Ce n’est peut-être pas une autoroute, mais, à Wimbledon, c’est au moins un boulevard vers les quarts de finale qui s’offre aujourd’hui à Jo-Wilfried Tsonga et Richard Gasquet. Deux Français dans le dernier grand huit d’un tournoi du Grand Chelem, ce n’est plus arrivé depuis 2009, en Australie (Tsonga et Simon). Et à Londres, depuis 1991 (Forget et Champion).
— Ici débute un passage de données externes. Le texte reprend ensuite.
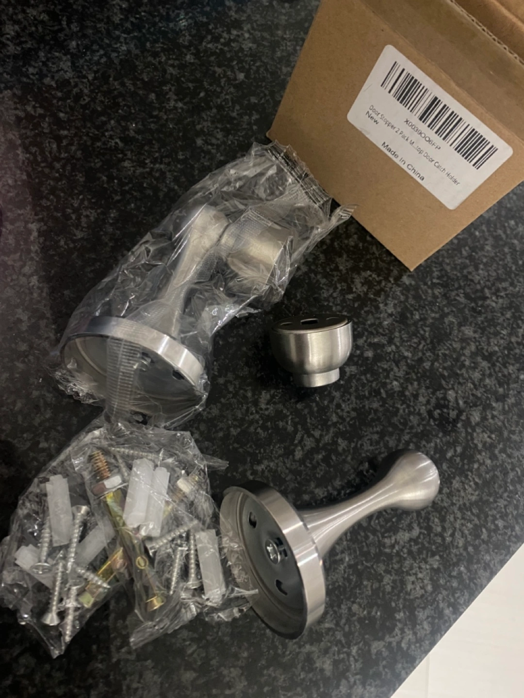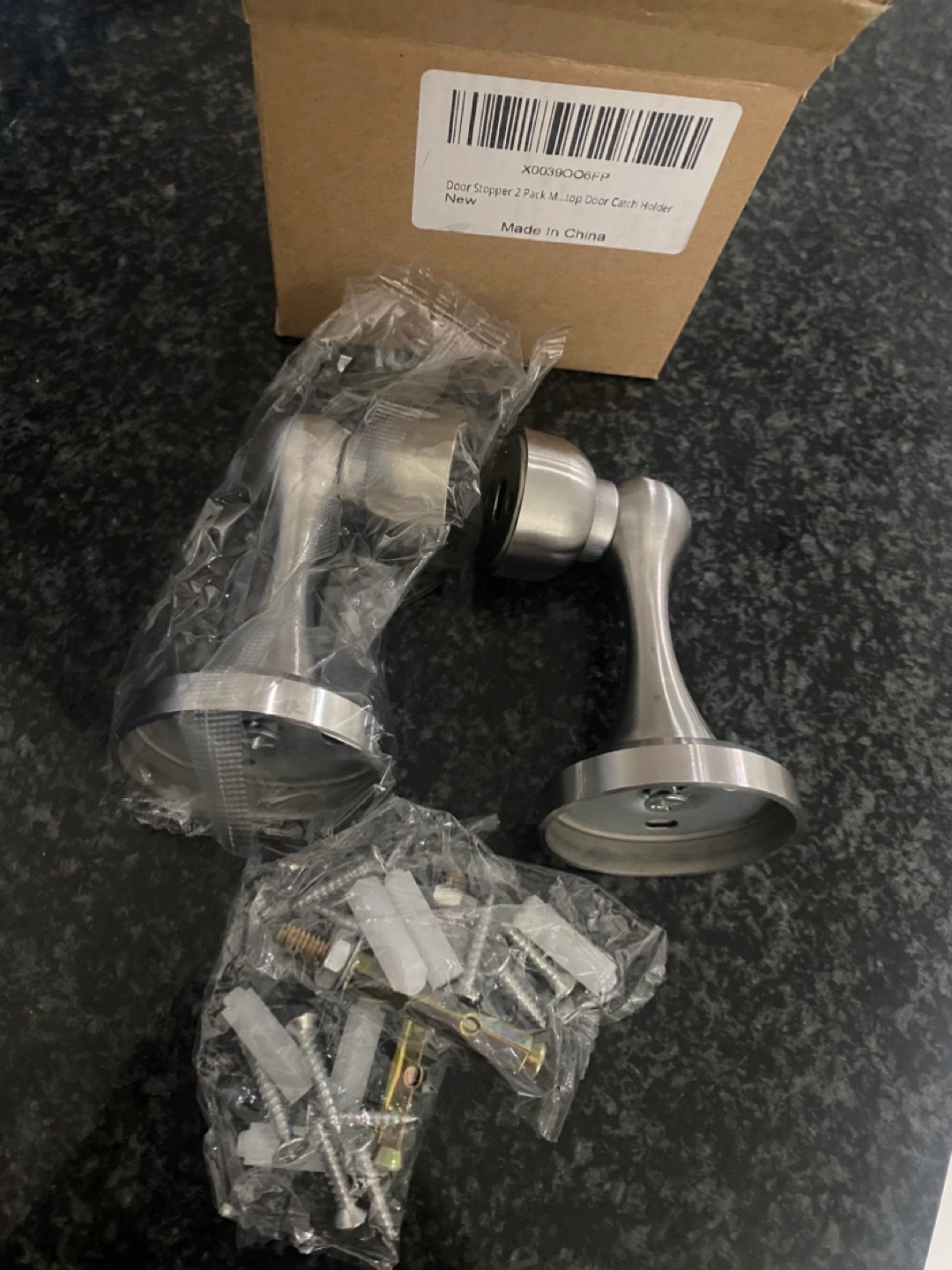 Stainless steel door stoppers. Heavy duty. Wall or floor mount. Includes screws. Strong magnetic hold. Keeps doors open silently. BRAND NEW IN BOX Pick up Richmond Hill

Tsonga à la pêche à l’ex-gros

Le numéro 1 français ne manque pas d’oxygène quand il grimpe en deuxième semaine d’un tournoi majeur Il a même une certaine habitude de ces hauteurs. Il a déjà atteint sept fois les quarts en Grand Chelem. Cette année à Roland-Garros, il est devenu le premier Tricolore à aller aussi loin dans les quatre sommets du tennis au cours de l’ère Open (depuis 1968). Aujourd’hui, Tsonga, tête de série numéro 5, affronte l’Américain Mardy Fish (numéro 10). Fish n’est plus gras comme il y a quelques années, mais il reprend juste la compétition après une pause de deux mois et demi due à une arythmie cardiaque qui a nécessité une petite intervention chirurgicale. Et Tsonga l’a battu deux fois en deux matchs. Vainqueur samedi sans forcer mais sans trembler du Slovaque Lacko en trois sets, le Français n’a pas lâché un jeu de service depuis le début du tournoi, nullement gêné par sa blessure à l’auriculaire droit, il y a deux semaines au Queens. Et dans sa partie de tableau qu’a désertée Rafael Nadal, la perspective d’une deuxième demi-finale en deux ans a de quoi le motiver.